At the same time, however, the codes of conduct contain a number of provisions that really bother me. Specifically, they contain provisions that are at best unhelpful and, at worst, dishonest about what lawyers do for their clients, and what they are obliged to do for their clients. Take for example Federation Model Code Rule 5.1-2(b), which tells a lawyer that when acting as an advocate she must not “knowingly assist or permit a client to do anything that the lawyer considers to be dishonest or dishonourable.” I may be willing to grant the dishonest part, particularly when combined with “knowingly”. It is clear, for example, that a lawyer must not knowingly assist a client to lie to the court or to others. Although even there I am somewhat troubled by the phrase “the lawyer considers to be dishonest;” I would have thought in the context of advocacy a lawyer ought to have some objective basis for knowing that the client is being dishonest, rather than simply making a subjective assessment about whether she “considers” her client to be dishonest. However, I can live with that – the general rule is sound, even if inartfully expressed.

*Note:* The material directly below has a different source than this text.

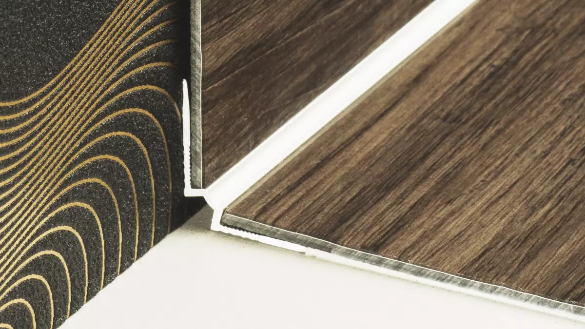 Treppenkanten für Designbeläge bis 3 mm, für die vollflächige Verlegung von Designbelägen auf Treppenstufen. Die darauf abgestimmten Innenwinkel schützen die Kanten des Belags auch in der Innenecke zwischen Tritt- und Setzstufe.

But what does dishonourable mean? Seriously – in a modern, urban, pluralistic society, what does it mean to act “dishonourably”? The whole idea of honour is imbued with an historical, privileged and – I think – masculine ideal that seems unlikely to create any intuitive direction towards right conduct for a modern lawyer. And to the extent dishonour has meaning, that meaning seems likely to be more specific and subjective than general and objective. I might think it is dishonourable to divorce your spouse of 30 years who deeply loves you even if he doesn’t truly understand your devotion to yoga, but others would see that decision quite differently, as a legitimate pursuit of self-actualization. What kind of meaningful guidance does a direction not to help my client act dishonourably provide to me? None. And – worse – what guidance ought it to provide to me? Ought I to tell the yogi that I won’t help her obtain her divorce? Of course not. So why do we have a rule which in any way suggests that I should?

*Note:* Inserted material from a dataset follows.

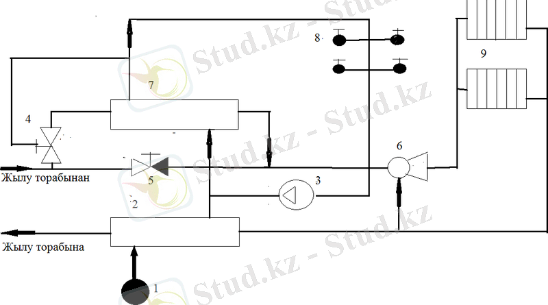 4 - температура реттегіш; 5 - шығыс реттегіш; 6 - элеватор; 7 - жоғары саты су-сулық қыздырғыш; 8 - ыстық су алу шүмегі; 9 - ғимарат жылыту аспаптары.

The rule is at best unhelpful and at worst misleading. But it has another aspect I think corrosive. It makes a claim about lawyers, and what we do, that means that when lawyers do the things they are actually required to do – such as cross-examine victims of a crime to challenge their credibility – those lawyers cannot use the statement of their professional duties to explain and justify their conduct. While the cross-examining lawyer may be able to note that the ethical boundaries on cross-examination are not to “needlessly abuse, hector or harass a witness” (Rule 5.1-2(m)), and to argue she stayed within that constraint, she remains stuck with a statement that her role precludes dishonourable conduct.[1] And as I’ve noted, dishonourable is a big enough word to create an infinite array of sins, certainly an array large enough to include making a victim feel humiliated or disbelieved. Or representing a client who is a bad man. Or pursuing a lawful but morally dubious claim. The work of a lawyer requires her to do things that could plausibly be described as dishonourable. When we claim that lawyers have a duty to do otherwise, a duty not to help their client be dishonourable, we push their conduct outside of our definition of the role that it in fact properly falls within.

Other similarly rant-worthy rules include the duty to act “honourably and with integrity” (Rule 2.1-1) and to uphold the “reputation of the legal profession” (Rule 2.1-2, which has a host of other issues).

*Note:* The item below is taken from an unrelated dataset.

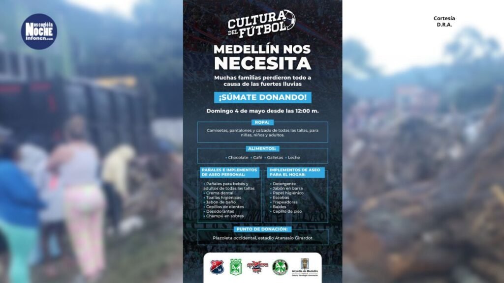 La Alcaldía de Medellín, en cabeza del alcalde Federico Gutiérrez, invita a los aficionados del fútbol que asistirán este domingo al estadio, para ver el flamante duelo entre Independiente Medellín y Atlético Nacional, a que donen elementos que ayuden a las familias que están pasando momentos difíciles en la capital antioqueña por cuenta de las intensas lluvias.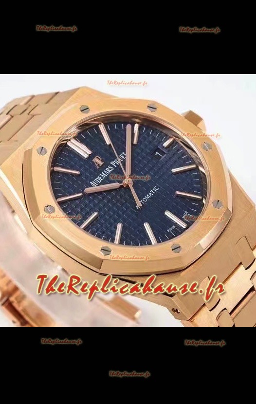 Placage or rose 18 carats sur bracelet 904L relié par des vis, boucle déployante de style AP, exactement comme les originaux.

Codes of conduct should guide lawyers. They should articulate lawyers’ duties, both specific and general. But they should not make meaningless, dishonest and unhelpful statements that say that lawyers ought not to do things that their representation of their clients – at least sometimes – requires them to do.


[1] I recognize that technically it only precludes helping a client act dishonourably. But surely that includes the lawyer herself acting dishonourably in pursuit of a client’s cause.